Непременными характеристиками всякой проповеди являются публичность, общественный интерес к затрагиваемым проблемам, наличие четкой цели и действенность, то есть способность влиять на ум, чувства и волю аудитории. "Сверхзадача" же любого проповедника - "рассеивать ложь и наставлять на путь истины[3]". Коренным источником публицистической проповеди, в отличие от прочих, являются, повторим, современные настроения и заблуждения; основное ее свойство - сила обличения, примеры коей черпаются из обличительных гомилий первых веков христианства.
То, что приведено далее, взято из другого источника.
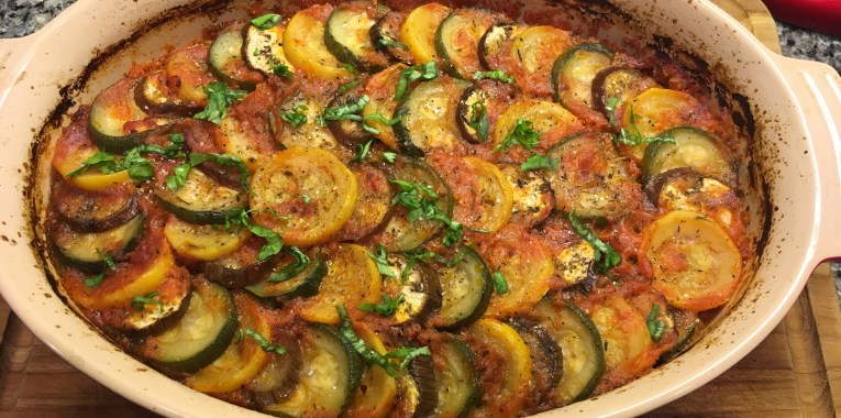 We had leftover summer zucchini and yellow squash so I decided to make a classic ratatouille. The Japanese eggplant is thinner and can be found at most asian markets. This is great for a vegetarian family meal. Enjoy!

При этом она сохраняет так называемый церковно-библейский дух, поддержанный обильным цитированием Писания, а также популярность содержания, образа раскрытия мыслей и языкового изложения.
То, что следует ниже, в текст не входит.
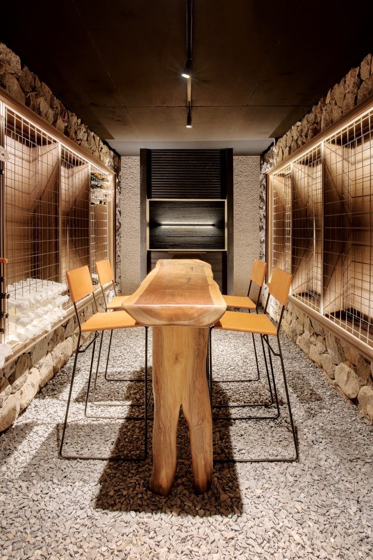 3. Banco escultura de madera maciza (Federico Arcidiácono). “La consigna primaria fue generar una comunión con el paisaje donde la arquitectura y el diseño sean uno con el entorno”, dice Consuelo Delgado. Para este proyecto se eligieron materialidades que completan un diálogo con la naturaleza.

Рассмотрим, как реализуются эти характеристики в Послании 1564г.
Указание на массовость аудитории обнаруживается уже в заглавии: "...послание во вся великия Русии государство", здесь же указаны объект и предмет обличения: "на клятвопреступников, князя Андрея Михайловича Курбского с товарыщи о их измене"[4]. На протяжении послания автор еще неоднократно акцентирует свое обращение к широкому слушателю, а также богословскую цель своего труда: "Уповаем не токмо тебе сему ответ дати, но и противу поправших святыя иконы и всю християнскую тайну отвергшим и бога отступившим, словесы сих нечестие изобличити и благочестие явити и воспроповедати, яко же благодать возсия" [С. 15, курсив мой -Т.Б.]; "Тщужеся со усердием люди на истину и на свет наставити, да познают единого истиннаго бога, в Троице славимаго" [С. 34]; "вем благочестие отчасти отчасти утвердити по божию дарованию" [С. 39].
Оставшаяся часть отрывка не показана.